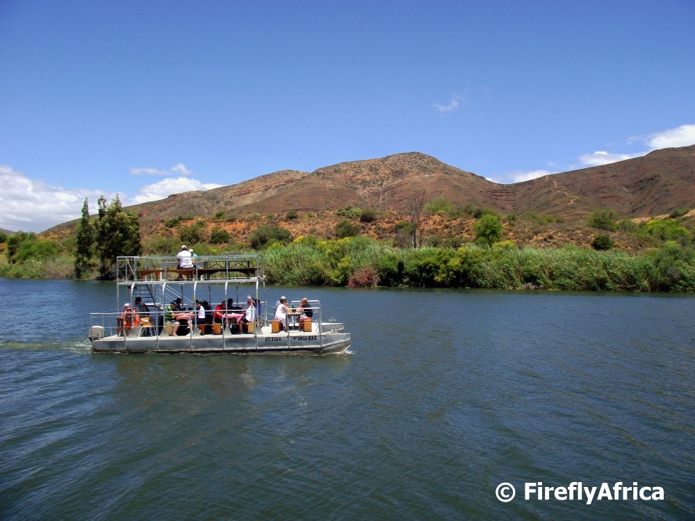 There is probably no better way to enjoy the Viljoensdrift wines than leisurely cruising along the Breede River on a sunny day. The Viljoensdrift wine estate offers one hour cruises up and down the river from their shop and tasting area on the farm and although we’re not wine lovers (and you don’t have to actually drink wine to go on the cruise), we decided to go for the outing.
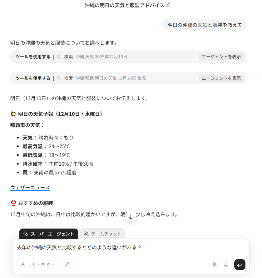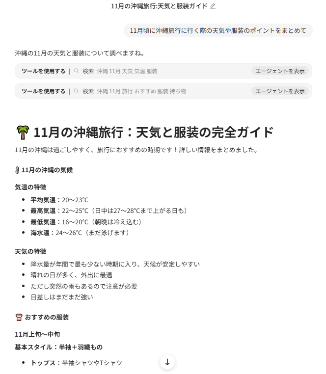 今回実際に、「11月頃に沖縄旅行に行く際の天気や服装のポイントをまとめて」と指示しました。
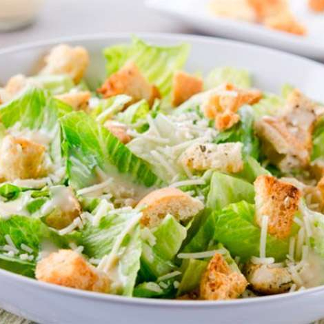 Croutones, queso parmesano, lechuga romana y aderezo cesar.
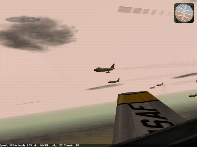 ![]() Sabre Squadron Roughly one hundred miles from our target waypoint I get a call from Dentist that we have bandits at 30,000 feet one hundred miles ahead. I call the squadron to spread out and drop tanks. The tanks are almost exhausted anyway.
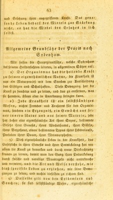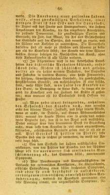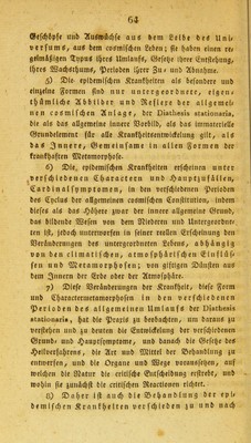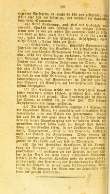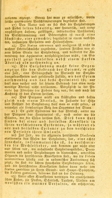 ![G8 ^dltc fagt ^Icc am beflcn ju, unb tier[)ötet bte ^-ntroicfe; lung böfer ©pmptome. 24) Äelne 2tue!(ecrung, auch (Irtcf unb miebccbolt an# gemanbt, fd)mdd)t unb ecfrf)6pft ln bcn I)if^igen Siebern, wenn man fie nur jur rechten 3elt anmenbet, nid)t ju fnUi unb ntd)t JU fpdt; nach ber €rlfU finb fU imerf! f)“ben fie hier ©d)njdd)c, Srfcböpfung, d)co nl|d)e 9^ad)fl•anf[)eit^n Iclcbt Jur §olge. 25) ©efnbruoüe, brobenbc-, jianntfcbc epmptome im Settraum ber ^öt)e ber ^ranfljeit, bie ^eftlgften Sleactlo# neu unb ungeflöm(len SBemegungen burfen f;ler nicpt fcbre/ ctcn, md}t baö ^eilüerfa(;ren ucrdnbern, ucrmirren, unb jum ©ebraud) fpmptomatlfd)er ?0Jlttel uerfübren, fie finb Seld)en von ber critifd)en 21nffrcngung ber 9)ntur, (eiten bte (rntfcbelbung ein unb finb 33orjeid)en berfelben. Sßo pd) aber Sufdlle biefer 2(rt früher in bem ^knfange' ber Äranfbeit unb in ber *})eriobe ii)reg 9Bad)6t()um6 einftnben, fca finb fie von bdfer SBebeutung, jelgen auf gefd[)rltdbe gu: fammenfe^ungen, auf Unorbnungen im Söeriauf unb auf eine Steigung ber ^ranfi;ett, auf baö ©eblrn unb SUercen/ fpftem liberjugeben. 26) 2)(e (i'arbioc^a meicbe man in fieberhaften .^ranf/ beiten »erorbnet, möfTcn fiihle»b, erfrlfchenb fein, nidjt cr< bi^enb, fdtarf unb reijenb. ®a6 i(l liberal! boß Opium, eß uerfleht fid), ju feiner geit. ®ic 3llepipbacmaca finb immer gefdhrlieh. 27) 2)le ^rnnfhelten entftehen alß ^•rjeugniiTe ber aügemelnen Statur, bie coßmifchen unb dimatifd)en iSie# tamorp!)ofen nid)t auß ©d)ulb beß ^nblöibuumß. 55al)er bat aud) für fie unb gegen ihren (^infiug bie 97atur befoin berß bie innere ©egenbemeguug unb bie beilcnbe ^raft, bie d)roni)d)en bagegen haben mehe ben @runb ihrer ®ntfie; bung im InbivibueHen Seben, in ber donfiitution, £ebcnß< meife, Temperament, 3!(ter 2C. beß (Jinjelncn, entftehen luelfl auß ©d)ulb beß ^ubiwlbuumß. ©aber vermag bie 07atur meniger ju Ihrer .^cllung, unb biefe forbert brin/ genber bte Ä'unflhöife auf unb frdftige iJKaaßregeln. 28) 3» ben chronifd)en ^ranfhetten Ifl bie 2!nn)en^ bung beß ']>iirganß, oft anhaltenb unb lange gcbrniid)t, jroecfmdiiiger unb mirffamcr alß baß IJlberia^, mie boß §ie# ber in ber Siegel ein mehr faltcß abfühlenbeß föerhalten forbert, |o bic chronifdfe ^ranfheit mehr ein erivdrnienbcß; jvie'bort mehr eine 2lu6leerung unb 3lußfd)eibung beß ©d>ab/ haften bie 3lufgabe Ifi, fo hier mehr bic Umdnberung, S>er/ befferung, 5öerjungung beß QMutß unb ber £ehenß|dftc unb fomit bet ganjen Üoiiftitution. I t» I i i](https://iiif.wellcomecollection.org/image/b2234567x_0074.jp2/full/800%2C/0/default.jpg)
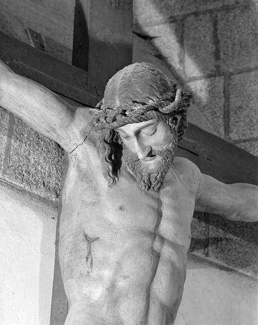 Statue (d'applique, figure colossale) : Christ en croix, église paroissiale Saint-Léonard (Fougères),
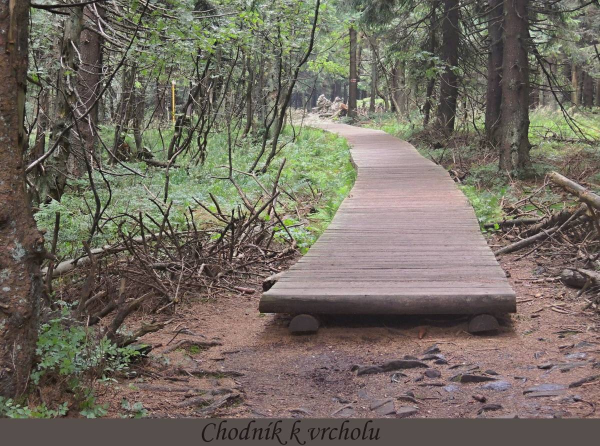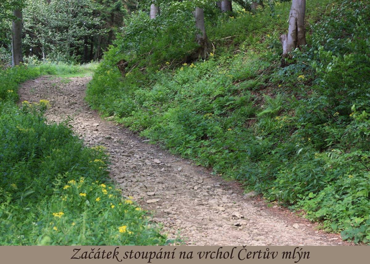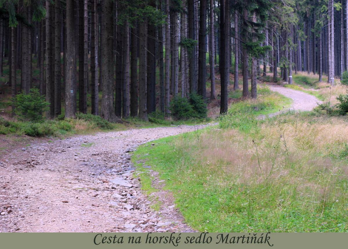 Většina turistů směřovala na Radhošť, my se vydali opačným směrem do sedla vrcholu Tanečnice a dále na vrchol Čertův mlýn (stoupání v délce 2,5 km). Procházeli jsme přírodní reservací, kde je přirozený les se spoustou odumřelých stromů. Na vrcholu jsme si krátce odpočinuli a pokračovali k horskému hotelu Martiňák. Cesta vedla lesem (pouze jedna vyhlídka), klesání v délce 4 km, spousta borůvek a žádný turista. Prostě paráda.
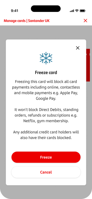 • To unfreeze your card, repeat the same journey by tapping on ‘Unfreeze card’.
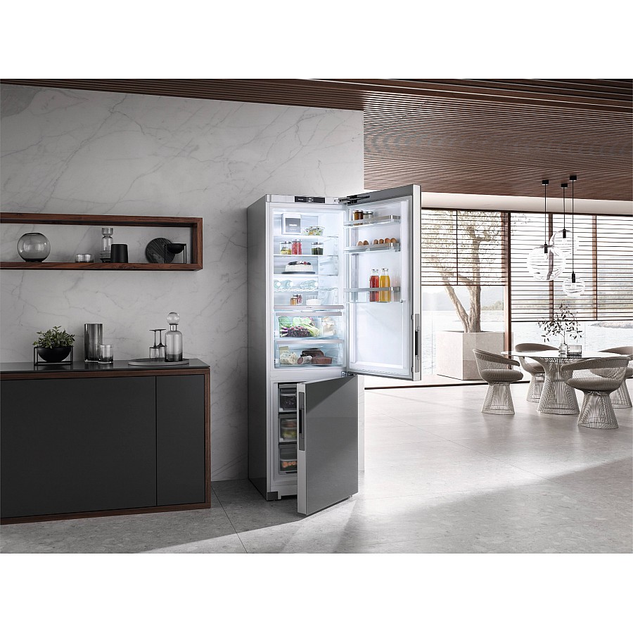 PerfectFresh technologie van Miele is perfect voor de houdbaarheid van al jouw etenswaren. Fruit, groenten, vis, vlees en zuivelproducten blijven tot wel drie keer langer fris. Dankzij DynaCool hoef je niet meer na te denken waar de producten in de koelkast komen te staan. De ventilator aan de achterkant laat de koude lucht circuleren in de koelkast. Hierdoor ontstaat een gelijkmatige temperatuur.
---
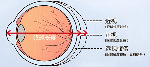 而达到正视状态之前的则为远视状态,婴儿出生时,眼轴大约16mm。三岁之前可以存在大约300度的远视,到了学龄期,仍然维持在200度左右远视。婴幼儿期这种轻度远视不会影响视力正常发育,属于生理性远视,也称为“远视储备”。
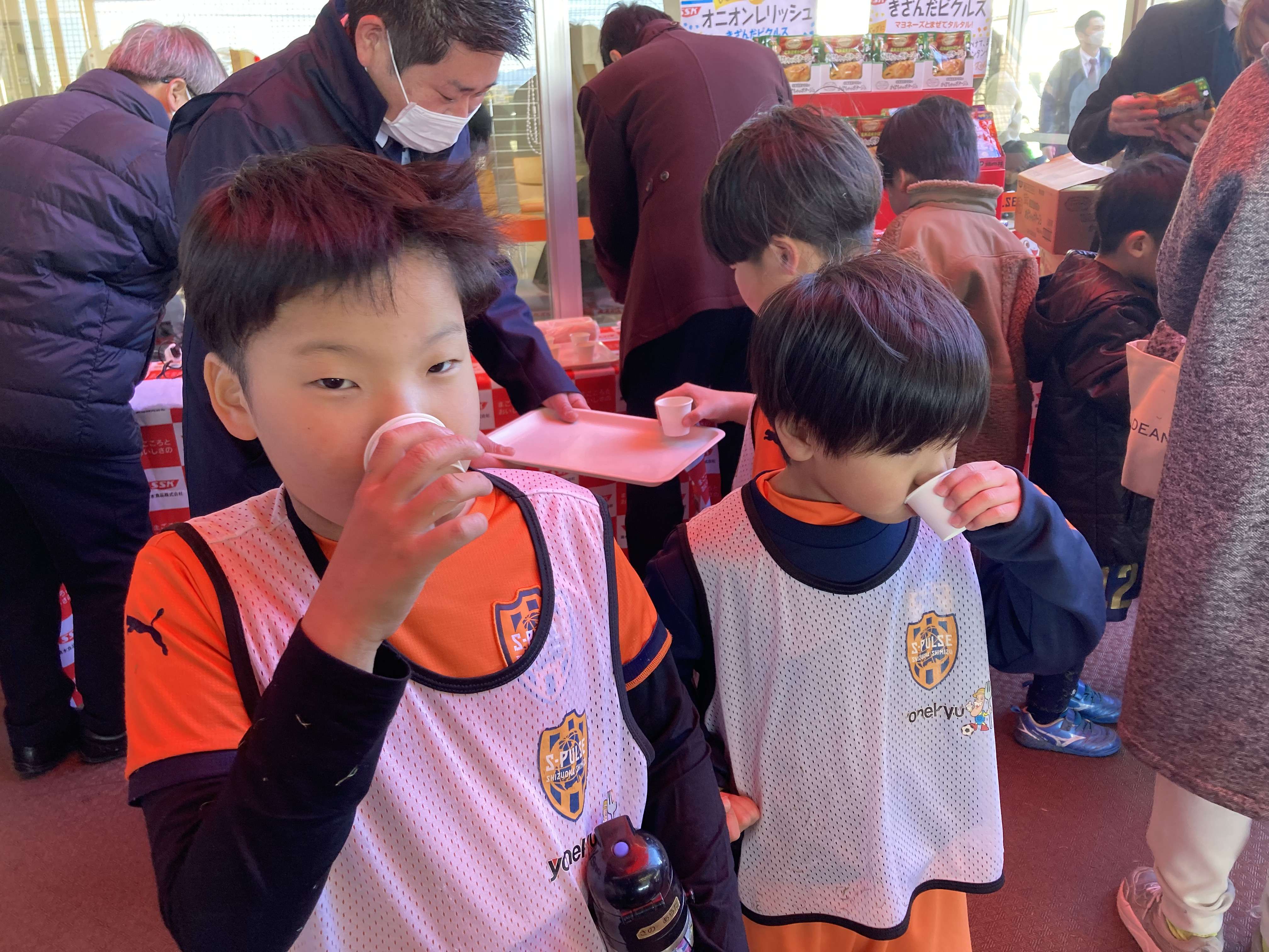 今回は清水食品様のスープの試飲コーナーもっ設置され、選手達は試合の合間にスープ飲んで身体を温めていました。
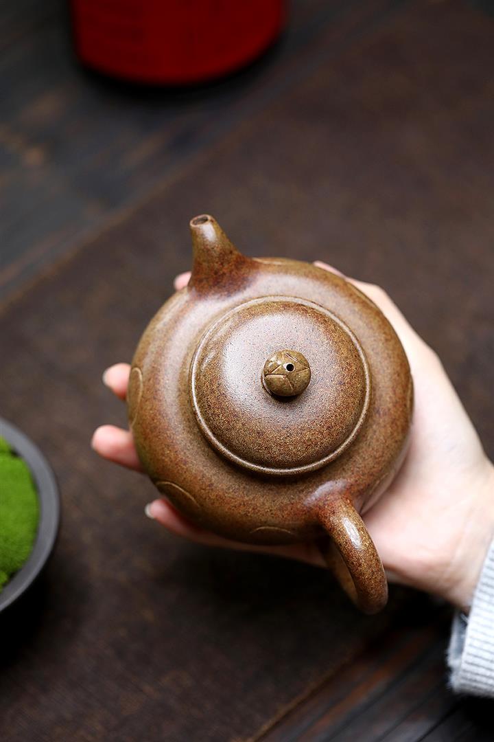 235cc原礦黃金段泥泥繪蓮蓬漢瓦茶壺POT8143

PROBLEM DESCRIPTION
Nothing but the lines from the one with "今回は清水食品様のスープの試" up to and including the one with "235cc原礦黃金段泥泥繪蓮蓬漢瓦茶壺POT8143" should be printed, exactly as they read above. Please keep the pictures out.

EXERCISE ANSWER
 今回は清水食品様のスープの試飲コーナーもっ設置され、選手達は試合の合間にスープ飲んで身体を温めていました。
 235cc原礦黃金段泥泥繪蓮蓬漢瓦茶壺POT8143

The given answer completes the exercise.